__REQUIREMENT__: Within the entries below, please retype exactly the lines starting with the line that has "matter what you're" and going on through the line that has "Chemistry - Correct", but not the pictures.

__THE DATA__:
*** Block opens ***

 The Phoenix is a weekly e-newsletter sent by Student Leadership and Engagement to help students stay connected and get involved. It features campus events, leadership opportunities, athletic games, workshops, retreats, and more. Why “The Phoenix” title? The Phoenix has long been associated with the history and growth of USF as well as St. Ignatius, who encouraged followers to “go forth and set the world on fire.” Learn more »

*** Block closes ***
*** Block opens ***

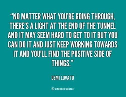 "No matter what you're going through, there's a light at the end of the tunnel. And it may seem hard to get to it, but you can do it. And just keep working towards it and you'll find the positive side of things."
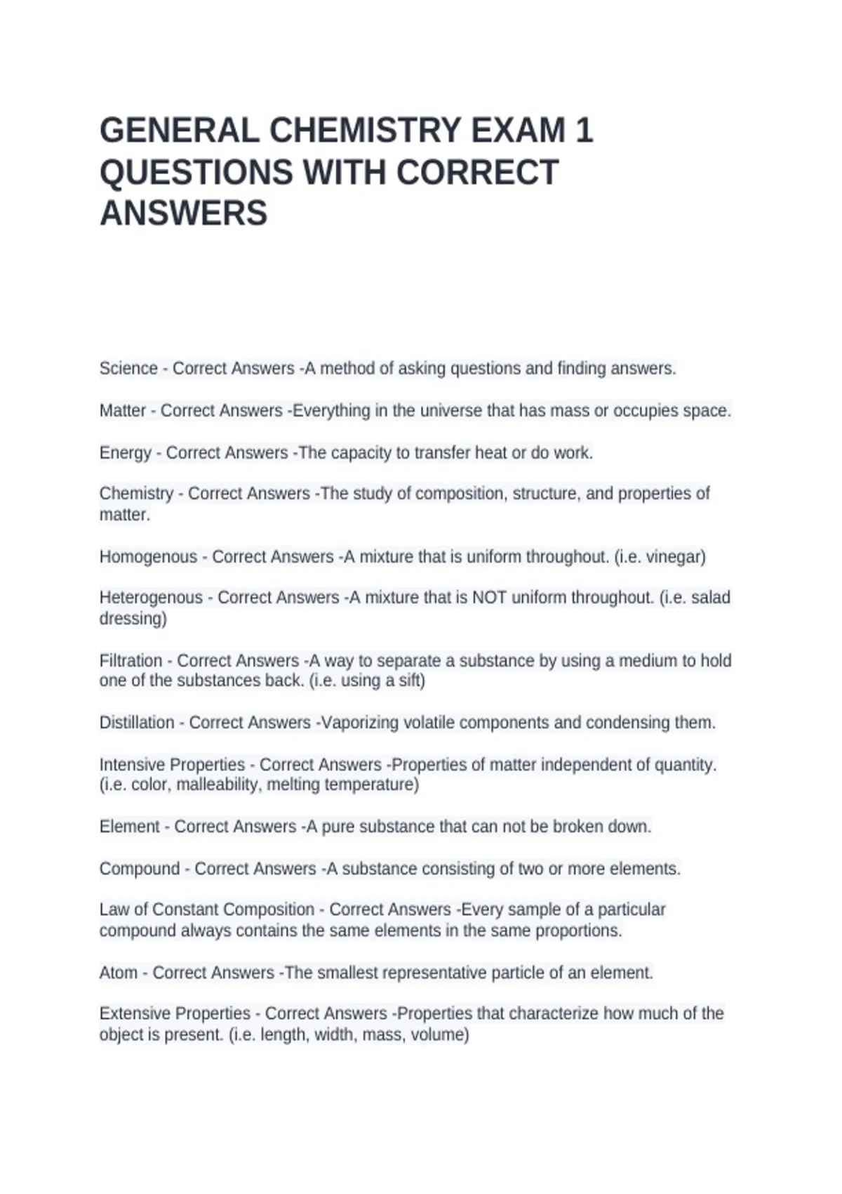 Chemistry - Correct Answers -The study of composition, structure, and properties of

*** Block closes ***
*** Block opens ***

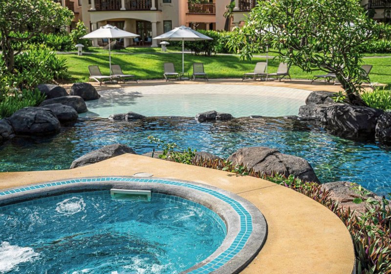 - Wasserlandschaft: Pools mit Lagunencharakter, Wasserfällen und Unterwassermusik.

*** Block closes ***

__EXERCISE ANSWER__:
 "No matter what you're going through, there's a light at the end of the tunnel. And it may seem hard to get to it, but you can do it. And just keep working towards it and you'll find the positive side of things."
 Chemistry - Correct Answers -The study of composition, structure, and properties of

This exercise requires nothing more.